Reproduce the whole of the records exactly, and make sure no picture is carried into the result.

Collection entries:

****************

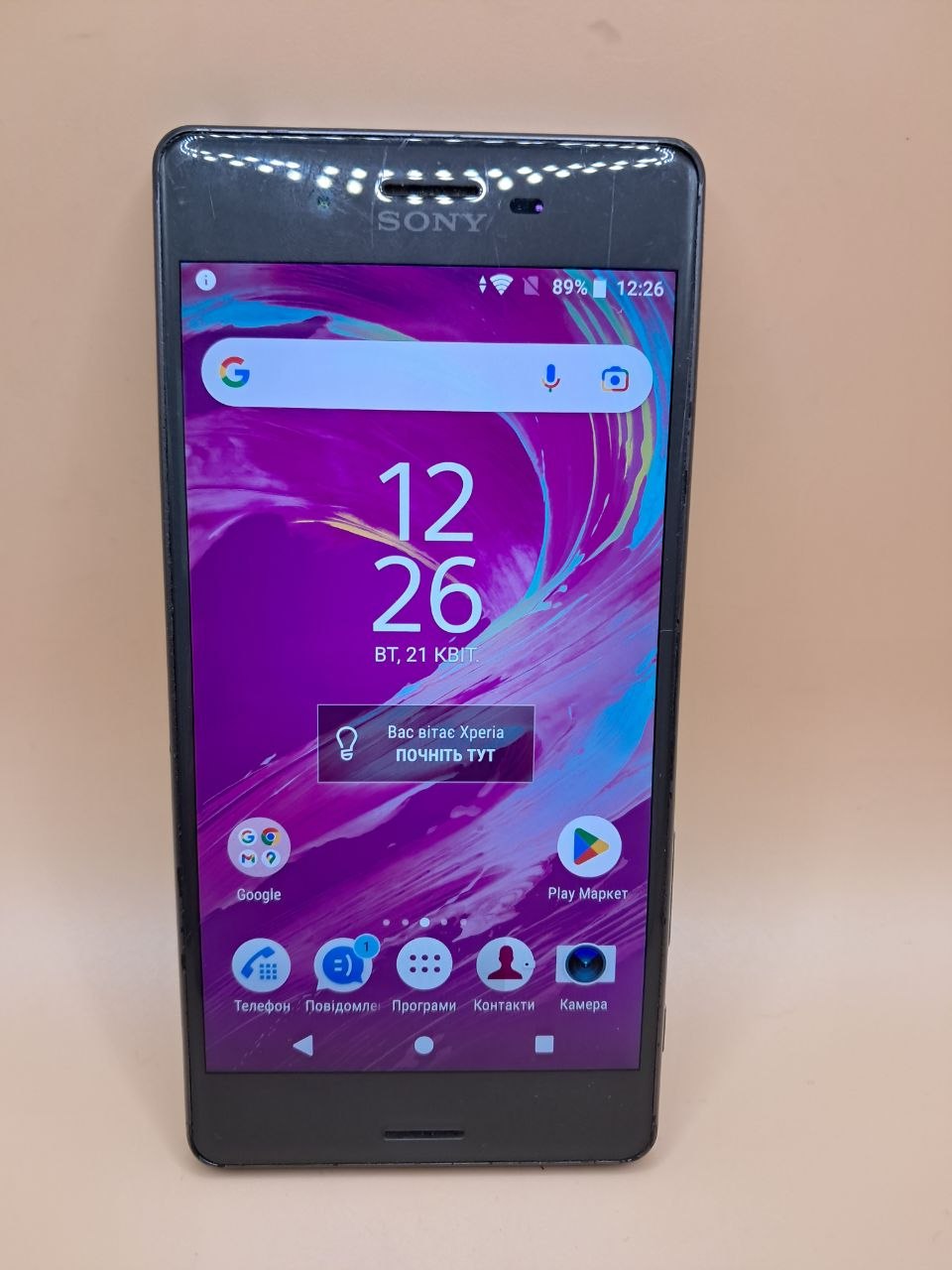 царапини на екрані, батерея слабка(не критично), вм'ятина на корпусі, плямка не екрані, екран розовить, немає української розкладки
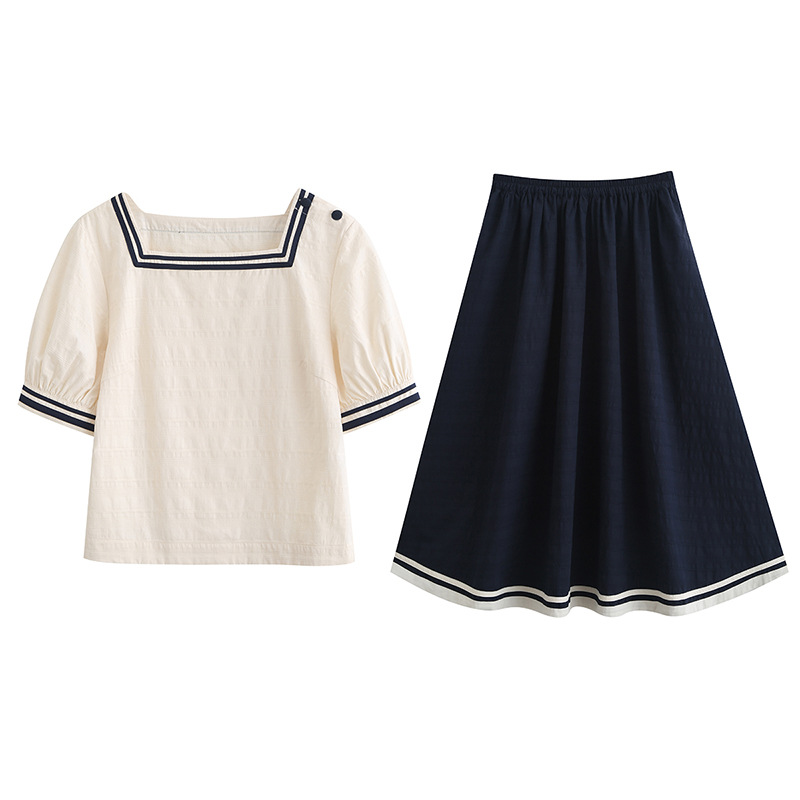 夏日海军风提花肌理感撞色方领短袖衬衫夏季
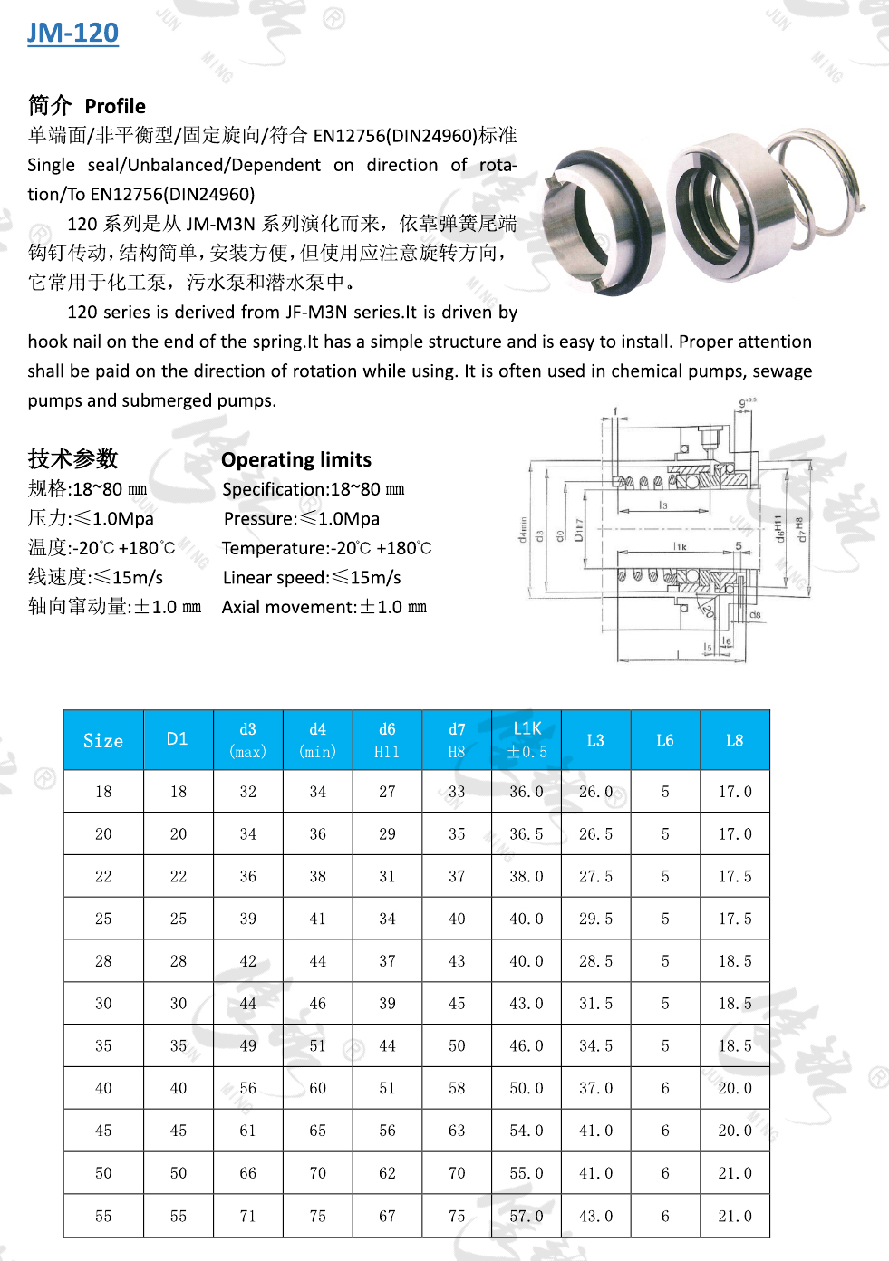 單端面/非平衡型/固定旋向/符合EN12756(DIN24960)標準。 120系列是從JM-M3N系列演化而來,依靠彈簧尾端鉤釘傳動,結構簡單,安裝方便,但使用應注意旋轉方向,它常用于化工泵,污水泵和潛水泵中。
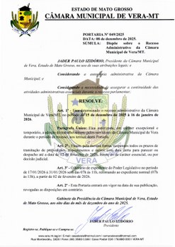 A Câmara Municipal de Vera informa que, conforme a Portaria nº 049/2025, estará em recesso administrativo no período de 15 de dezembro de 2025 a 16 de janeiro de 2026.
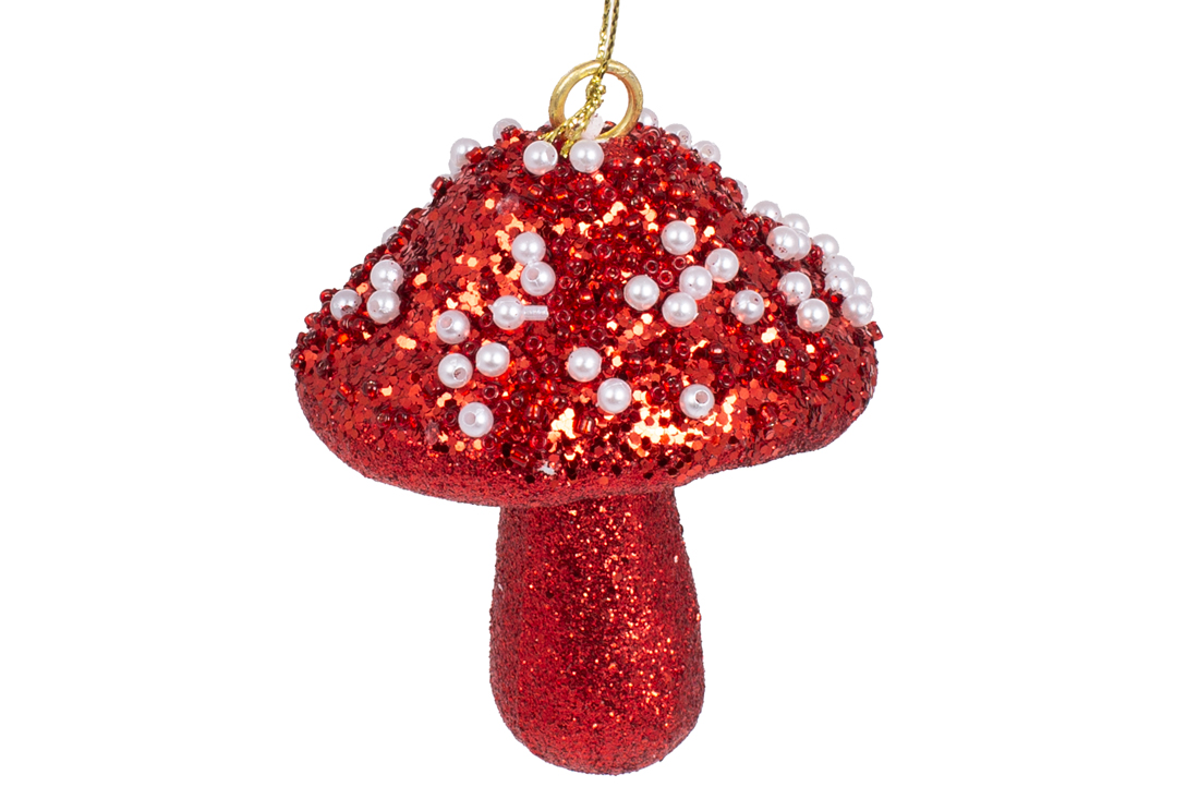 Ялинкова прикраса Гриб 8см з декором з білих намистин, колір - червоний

****************

### [Answer section]
 царапини на екрані, батерея слабка(не критично), вм'ятина на корпусі, плямка не екрані, екран розовить, немає української розкладки
 夏日海军风提花肌理感撞色方领短袖衬衫夏季
 單端面/非平衡型/固定旋向/符合EN12756(DIN24960)標準。 120系列是從JM-M3N系列演化而來,依靠彈簧尾端鉤釘傳動,結構簡單,安裝方便,但使用應注意旋轉方向,它常用于化工泵,污水泵和潛水泵中。
 A Câmara Municipal de Vera informa que, conforme a Portaria nº 049/2025, estará em recesso administrativo no período de 15 de dezembro de 2025 a 16 de janeiro de 2026.
 Ялинкова прикраса Гриб 8см з декором з білих намистин, колір - червоний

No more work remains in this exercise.